To do
Using the material that follows, output exactly the lines from the one containing "My new book" through the one containing "Avery Weatherproof Address", with both ends kept.

Dataset records
__________________________________________________

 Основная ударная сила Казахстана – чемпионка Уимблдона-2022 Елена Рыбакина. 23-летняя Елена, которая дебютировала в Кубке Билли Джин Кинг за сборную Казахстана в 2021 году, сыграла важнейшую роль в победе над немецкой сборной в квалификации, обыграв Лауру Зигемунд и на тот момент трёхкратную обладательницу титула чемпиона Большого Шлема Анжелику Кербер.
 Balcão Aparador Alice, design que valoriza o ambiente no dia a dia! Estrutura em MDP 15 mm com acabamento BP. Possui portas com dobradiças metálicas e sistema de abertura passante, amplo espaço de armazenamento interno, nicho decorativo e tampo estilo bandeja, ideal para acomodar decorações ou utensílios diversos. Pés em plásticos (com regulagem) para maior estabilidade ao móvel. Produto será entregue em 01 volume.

__________________________________________________

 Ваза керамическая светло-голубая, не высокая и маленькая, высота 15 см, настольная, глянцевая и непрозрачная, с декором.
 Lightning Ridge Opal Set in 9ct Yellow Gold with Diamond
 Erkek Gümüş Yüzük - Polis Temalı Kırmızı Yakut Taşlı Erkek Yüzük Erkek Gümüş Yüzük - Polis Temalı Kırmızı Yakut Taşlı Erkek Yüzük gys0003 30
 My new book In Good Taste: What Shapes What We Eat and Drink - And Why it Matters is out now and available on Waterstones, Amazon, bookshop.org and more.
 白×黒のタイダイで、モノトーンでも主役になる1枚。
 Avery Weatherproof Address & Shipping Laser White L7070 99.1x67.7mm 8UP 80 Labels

__________________________________________________

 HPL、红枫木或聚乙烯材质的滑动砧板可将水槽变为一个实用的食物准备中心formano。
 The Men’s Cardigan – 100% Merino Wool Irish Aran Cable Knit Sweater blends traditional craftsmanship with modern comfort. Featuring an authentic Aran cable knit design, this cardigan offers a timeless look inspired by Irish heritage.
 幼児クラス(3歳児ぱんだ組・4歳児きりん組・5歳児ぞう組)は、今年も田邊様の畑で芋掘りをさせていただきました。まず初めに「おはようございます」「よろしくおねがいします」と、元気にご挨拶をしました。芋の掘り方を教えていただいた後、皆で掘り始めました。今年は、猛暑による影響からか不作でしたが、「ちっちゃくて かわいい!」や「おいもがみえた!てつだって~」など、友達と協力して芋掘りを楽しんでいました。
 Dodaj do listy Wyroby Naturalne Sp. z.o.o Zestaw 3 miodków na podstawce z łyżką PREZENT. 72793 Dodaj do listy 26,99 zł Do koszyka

__________________________________________________

Solution below
 My new book In Good Taste: What Shapes What We Eat and Drink - And Why it Matters is out now and available on Waterstones, Amazon, bookshop.org and more.
 白×黒のタイダイで、モノトーンでも主役になる1枚。
 Avery Weatherproof Address & Shipping Laser White L7070 99.1x67.7mm 8UP 80 Labels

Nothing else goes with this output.